◆ **Entries shown**

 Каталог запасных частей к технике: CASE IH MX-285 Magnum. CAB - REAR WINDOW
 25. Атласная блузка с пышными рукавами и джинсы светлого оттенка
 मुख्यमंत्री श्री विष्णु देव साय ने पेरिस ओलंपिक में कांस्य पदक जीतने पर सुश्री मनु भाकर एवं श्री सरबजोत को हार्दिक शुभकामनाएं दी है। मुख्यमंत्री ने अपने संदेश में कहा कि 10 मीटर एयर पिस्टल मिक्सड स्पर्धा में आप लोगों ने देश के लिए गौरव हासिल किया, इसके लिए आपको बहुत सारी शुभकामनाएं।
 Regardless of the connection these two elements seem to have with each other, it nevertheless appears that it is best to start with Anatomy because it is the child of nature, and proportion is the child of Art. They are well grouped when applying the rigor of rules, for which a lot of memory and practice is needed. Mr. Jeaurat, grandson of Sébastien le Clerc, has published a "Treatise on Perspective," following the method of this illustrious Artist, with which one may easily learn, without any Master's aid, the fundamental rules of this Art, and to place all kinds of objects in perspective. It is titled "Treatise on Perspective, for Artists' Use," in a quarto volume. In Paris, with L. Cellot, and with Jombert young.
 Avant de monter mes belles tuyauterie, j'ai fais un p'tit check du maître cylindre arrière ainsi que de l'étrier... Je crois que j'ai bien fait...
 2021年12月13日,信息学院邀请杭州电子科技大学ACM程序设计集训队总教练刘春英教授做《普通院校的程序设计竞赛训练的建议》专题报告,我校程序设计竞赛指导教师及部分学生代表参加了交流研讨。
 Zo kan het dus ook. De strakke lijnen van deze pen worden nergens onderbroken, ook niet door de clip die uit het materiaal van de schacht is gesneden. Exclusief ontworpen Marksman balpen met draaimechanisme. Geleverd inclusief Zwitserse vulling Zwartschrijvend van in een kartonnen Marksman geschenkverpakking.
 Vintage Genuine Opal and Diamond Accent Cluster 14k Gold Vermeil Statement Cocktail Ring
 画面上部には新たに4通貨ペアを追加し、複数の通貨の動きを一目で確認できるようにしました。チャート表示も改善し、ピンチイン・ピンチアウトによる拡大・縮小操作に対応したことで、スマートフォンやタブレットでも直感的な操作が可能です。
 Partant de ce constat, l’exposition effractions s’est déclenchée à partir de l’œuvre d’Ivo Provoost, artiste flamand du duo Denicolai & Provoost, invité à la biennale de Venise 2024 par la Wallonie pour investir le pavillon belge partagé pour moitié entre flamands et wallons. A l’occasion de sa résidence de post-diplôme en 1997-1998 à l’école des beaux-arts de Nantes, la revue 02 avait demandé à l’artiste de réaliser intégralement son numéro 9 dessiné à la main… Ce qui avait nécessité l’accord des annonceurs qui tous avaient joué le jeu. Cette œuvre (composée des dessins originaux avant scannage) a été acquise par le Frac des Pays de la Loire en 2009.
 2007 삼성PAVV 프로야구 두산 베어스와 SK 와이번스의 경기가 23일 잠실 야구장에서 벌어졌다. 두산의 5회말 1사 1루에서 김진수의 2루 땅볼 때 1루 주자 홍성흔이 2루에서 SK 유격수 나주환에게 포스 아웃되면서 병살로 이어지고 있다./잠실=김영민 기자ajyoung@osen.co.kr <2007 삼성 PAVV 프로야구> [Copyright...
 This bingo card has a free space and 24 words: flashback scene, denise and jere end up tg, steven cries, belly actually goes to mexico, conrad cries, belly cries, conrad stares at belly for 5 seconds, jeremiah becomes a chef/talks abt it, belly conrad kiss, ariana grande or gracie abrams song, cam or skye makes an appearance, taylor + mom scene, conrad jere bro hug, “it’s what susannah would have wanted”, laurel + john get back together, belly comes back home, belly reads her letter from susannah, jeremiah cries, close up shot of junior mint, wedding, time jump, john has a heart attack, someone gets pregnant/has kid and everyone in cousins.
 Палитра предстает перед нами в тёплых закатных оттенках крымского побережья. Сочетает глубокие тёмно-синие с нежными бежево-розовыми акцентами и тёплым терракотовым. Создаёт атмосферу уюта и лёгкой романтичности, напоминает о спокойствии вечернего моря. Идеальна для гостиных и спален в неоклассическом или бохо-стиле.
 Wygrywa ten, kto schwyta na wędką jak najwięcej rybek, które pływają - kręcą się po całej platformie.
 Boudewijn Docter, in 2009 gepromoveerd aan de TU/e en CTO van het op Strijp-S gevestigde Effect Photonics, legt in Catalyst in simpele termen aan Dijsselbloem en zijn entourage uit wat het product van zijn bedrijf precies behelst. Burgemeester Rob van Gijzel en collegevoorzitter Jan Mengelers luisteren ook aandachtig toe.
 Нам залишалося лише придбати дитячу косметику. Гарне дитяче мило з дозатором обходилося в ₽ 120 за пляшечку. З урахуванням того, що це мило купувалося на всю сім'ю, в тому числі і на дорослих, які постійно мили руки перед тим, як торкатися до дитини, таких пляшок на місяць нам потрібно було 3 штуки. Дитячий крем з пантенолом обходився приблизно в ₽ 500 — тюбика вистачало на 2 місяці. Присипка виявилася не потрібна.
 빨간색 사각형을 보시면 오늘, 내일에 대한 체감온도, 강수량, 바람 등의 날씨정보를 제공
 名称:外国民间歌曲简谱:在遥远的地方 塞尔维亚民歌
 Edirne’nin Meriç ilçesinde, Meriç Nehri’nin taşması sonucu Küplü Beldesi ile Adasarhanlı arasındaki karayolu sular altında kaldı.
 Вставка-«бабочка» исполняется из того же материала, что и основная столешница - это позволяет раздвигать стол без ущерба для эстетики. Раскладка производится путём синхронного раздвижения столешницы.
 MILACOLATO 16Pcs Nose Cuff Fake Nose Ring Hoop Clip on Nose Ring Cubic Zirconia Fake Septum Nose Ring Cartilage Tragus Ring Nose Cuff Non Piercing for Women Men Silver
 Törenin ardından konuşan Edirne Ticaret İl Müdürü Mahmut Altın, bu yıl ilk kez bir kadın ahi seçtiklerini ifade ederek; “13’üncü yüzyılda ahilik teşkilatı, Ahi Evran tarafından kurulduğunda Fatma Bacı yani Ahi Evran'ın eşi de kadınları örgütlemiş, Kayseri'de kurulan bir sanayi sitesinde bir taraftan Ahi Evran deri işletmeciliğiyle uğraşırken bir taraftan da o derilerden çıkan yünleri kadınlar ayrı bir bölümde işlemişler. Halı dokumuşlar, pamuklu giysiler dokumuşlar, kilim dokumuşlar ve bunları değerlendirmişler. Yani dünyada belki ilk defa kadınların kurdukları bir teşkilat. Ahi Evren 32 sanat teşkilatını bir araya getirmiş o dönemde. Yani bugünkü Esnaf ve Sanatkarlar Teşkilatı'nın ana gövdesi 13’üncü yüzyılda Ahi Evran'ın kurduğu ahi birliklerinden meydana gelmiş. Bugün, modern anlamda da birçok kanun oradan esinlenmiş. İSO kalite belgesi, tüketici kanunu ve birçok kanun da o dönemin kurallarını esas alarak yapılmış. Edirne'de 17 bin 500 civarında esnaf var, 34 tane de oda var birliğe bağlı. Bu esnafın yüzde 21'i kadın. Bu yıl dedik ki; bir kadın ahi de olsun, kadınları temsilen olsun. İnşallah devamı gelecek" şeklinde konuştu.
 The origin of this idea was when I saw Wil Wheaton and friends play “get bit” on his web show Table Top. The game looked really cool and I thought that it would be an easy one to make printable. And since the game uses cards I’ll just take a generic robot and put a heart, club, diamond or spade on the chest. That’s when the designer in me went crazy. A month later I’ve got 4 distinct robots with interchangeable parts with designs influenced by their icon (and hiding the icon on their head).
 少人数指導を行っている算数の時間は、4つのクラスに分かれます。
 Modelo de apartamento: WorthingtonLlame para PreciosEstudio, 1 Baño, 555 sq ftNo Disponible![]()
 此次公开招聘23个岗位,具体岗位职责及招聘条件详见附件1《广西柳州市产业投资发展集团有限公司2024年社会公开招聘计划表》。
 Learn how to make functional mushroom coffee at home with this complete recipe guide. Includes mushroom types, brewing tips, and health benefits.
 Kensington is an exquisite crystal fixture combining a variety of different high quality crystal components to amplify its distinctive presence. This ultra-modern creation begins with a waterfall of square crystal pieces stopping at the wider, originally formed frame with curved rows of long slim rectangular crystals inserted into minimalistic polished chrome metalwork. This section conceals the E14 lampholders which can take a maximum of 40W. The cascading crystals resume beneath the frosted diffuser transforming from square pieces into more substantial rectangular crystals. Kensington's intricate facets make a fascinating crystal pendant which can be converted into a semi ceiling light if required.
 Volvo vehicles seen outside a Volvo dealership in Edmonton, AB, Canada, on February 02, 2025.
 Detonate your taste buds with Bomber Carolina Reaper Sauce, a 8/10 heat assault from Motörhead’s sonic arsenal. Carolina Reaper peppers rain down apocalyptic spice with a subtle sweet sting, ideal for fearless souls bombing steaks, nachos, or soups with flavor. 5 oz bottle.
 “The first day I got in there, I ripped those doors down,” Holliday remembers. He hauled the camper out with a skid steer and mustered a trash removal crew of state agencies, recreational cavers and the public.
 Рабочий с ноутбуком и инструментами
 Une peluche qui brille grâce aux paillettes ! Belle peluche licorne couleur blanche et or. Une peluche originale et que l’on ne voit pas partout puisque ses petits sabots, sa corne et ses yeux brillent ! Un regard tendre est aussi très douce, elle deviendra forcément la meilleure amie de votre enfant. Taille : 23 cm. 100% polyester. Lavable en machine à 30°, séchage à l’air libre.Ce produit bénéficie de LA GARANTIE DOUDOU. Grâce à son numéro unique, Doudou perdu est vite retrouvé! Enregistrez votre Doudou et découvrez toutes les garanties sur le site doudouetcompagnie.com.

◆ **Task description**
If a line in the entries above has the word "Edirne", copy it.

◆ **Your response**
 Edirne’nin Meriç ilçesinde, Meriç Nehri’nin taşması sonucu Küplü Beldesi ile Adasarhanlı arasındaki karayolu sular altında kaldı.
 Törenin ardından konuşan Edirne Ticaret İl Müdürü Mahmut Altın, bu yıl ilk kez bir kadın ahi seçtiklerini ifade ederek; “13’üncü yüzyılda ahilik teşkilatı, Ahi Evran tarafından kurulduğunda Fatma Bacı yani Ahi Evran'ın eşi de kadınları örgütlemiş, Kayseri'de kurulan bir sanayi sitesinde bir taraftan Ahi Evran deri işletmeciliğiyle uğraşırken bir taraftan da o derilerden çıkan yünleri kadınlar ayrı bir bölümde işlemişler. Halı dokumuşlar, pamuklu giysiler dokumuşlar, kilim dokumuşlar ve bunları değerlendirmişler. Yani dünyada belki ilk defa kadınların kurdukları bir teşkilat. Ahi Evren 32 sanat teşkilatını bir araya getirmiş o dönemde. Yani bugünkü Esnaf ve Sanatkarlar Teşkilatı'nın ana gövdesi 13’üncü yüzyılda Ahi Evran'ın kurduğu ahi birliklerinden meydana gelmiş. Bugün, modern anlamda da birçok kanun oradan esinlenmiş. İSO kalite belgesi, tüketici kanunu ve birçok kanun da o dönemin kurallarını esas alarak yapılmış. Edirne'de 17 bin 500 civarında esnaf var, 34 tane de oda var birliğe bağlı. Bu esnafın yüzde 21'i kadın. Bu yıl dedik ki; bir kadın ahi de olsun, kadınları temsilen olsun. İnşallah devamı gelecek" şeklinde konuştu.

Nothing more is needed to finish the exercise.